Ashley et al. flume experiments, MIT Starting with a rippled bed, sediment was showered onto the moving ripples from above, in individual “passes” along the channel, resulting in climbing ripples. Graphite flakes were mixed with the sediment, to emphasize the lamination.
Ashley et al. flume experiments, MIT A similar run, to simulate ripple climb starting with a weak flow, proceeding to a stronger flow, and ending with a weak flow. Note that the laminasets in the middle of the deposit are not entirely regular, because the ripples change speed with time and are “born” and “die” irergularly.
Nubian sandstone, Egypt (courtesy of John Harms) Large-scale “planar-tabular” cross stratification, presumably produced by migration of two-dimensional dunes.
(courtesy of Larry Boguchwal) Another example of planar-tabular large-scale cross stratification, from the Paleozoic of the central Appalachians.
Arkansas River near Tulsa, Oklahoma A trench in a river point bar. The left face is normal to flow, and the right face is parallel to flow. The flow-parallel face shows sets all facing to the left, downstream. The flow-normal face shows the characteristic trough sets.
Flow-normal section. Just from this cut, you would not know whether the flow was into or out of the face, without digging to see the third dimension.
San Rafael Swell, Utah (Paul Heller, Mariano Marzo, and Chris Paola) The two faces of the approximately rectangular-solid lock behind the cut-ups show vertical sections at right angles to one another. The next slide shows details.
In the left face, most of the sets are oriented in one direction. That section is nearly flow-parallel. The right face shows sets in both directions. That section is nearly normal to flow.
Stirling Quartzite (Neoproterozoic), southern Nopah Range, California Commonly, large-scale trough cross stratification looks like this in flow-normal view. The sets dip both to right and to left.

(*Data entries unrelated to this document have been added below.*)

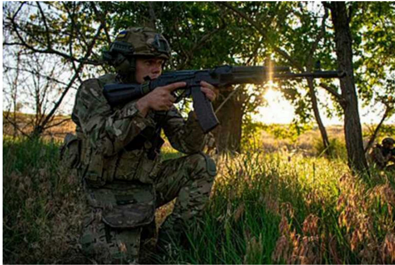
Речник ОСУВ "Таврія" каже, що в Кринках "ситуація не така критична"

Українські війська продовжують тримати оборону в районі населеного пункту Кринки. Наразі ситуація на даному напрямку є іншою, ніж її інтерпретують деякі медіа та блогери.
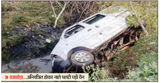
राजाखेड़ा...अभिहित होकर नाले पतटी पड़ी वैन

राजाखेड़ा। राजाखेड़ा सिलावट रोड पर पप्पू ईट भट्ट के सामने एक वैन आरजे 11सीबी0341 वैन सड़क के बाल नाले में गिर गई। जिससे कोई जान मान की घटना तो नहीं हुई है, लेकिन वैन में एक निजी स्कूल के चार छोटे-छोटे बच्चे बैठे बताए गए हैं। जिनमें तीन बच्चे एक बच्ची शामिल है। बच्चे अपने स्कूल के लिए पढ़ने जाने बताए जा रहे हैं जिनको ड्राइवर एवं अन्य लोगों ने बाहर निकाला। लेकिन निजी स्कूल के किसी अध्यापक के द्वारा बच्चों के घर बच्चों का नाम वह स्कूल का नाम नहीं बताने की मना करने पर वाहन खाली आना बता रहे हैं जो कि राजाखेड़ा की तरफ आ रही थी। यह घटना सुबह करीबन 7:45 बजे की है। सूत्रों से मिली जानकारी में वैन
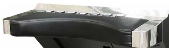
VARIANTE: PLANCIA PULSANTI ALTERNATIVA CON PELLE NERA

Larghezza: 60 cm Profondità: 66 cm Altezza: 157 cm Peso: 80 Kg
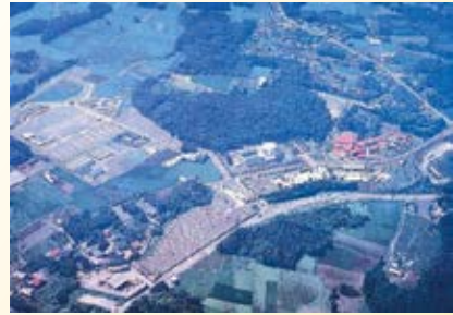
H24.6 道の駅「しおや」(写真上) と H24.9 道の駅「うつのみや ろま んちつく村」(写真下)が供用開始
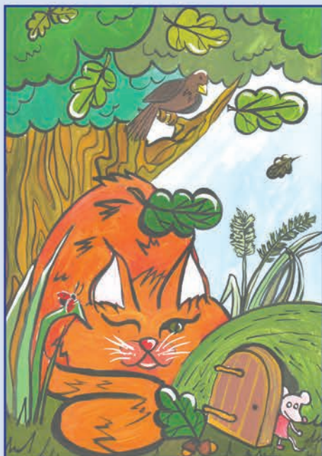
Гизатуллина Ксения. 14 лет Хитрюга
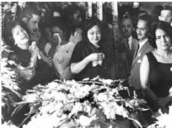
Mujeres llorando sus muertos.
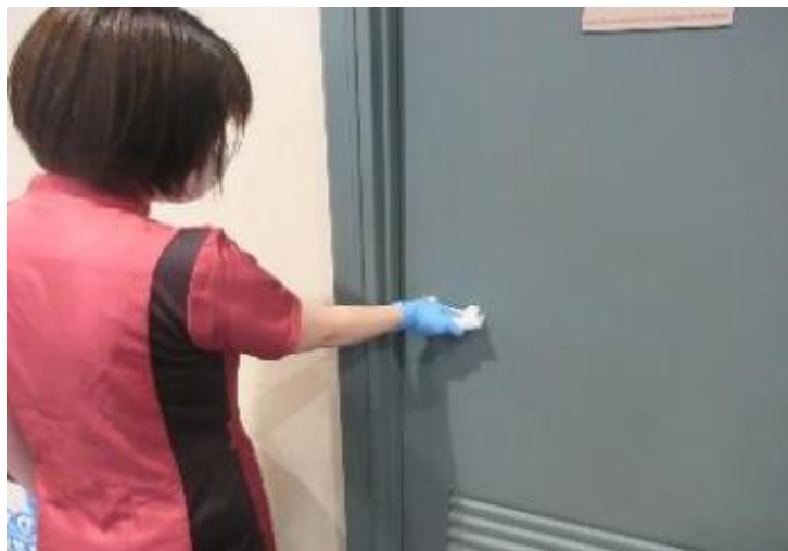
各検査室ドアノブの消毒
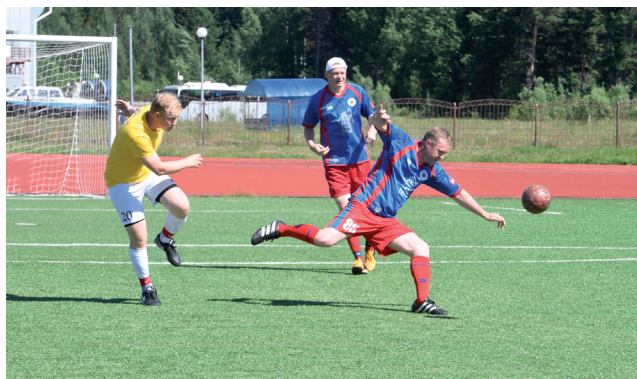
Футбольная ласточка участника команды Центрального предприятия МЭС Западной Сибири.

14 и 15 июля 2018 года в селе Уват (Тюменская область) состоялась Летняя Спартакиада филиала ПАО «ФСК ЕЭС» - МЭС Западной Сибири.
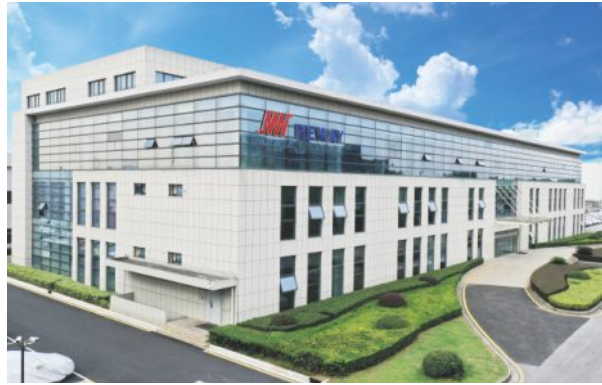
纽威总部 建筑面积:2,295平方米

Elbow River near Moose Mountain, Alberta, Canada The cross-sets drip mainly to the left; the section is nearly flow-parallel.
Wood Canyon Fm (Neoproterozoic–Cambrian), southern Nopah Range, California The foreset laminae are nearly straight throughout most of the thickness of the set, but they become concave up as they approach the base of the set, fairing almost asymptotically down to the base.
I70, San Rafael Swell, Utah This is a (not-ideal) example of large-scale rib and furrow. You can see three sets, with curving laminae, separated by truncation surfaces.
I70, San Rafael Swell, Utah A three-dimensional view of a trough set. Paul Myrow is standing in the low point of the trough set, with laminae dipping toward us.
Brushy Canyon Fm (Permian), Delaware Mountains, West Texas It is unusual to see climbing-dune cross stratification, presumably because the supply of sediment from above is almost never large enough, relative to the speed of movement of the dunes, to cause a high angle of climb. This is from what must have been a large depression, filled by deposition from sediment gravity flows passing by. The dunes are climbing from left to right, at an angle large enough to preserve stoss-side lamination.
Grayburg Fm (Permian), Guadalupe Mountains, West Texas A single dune or bar, underlain and overlain by parallel-bedded sediment, moving toward us. The nice three-dimensional shape of the outcrop allows us to determine the direction of movement closely.
Tidal bundles, I70, San Rafael Swell, Utah A single dune, migrating from left to right. The sigmoidal recessive surfaces are defined by finer sediment, deposited on the dune surface during slack-water times in a daily tidal cycle (or, perhaps, during the neap phases of a neap–spring tidal cycle).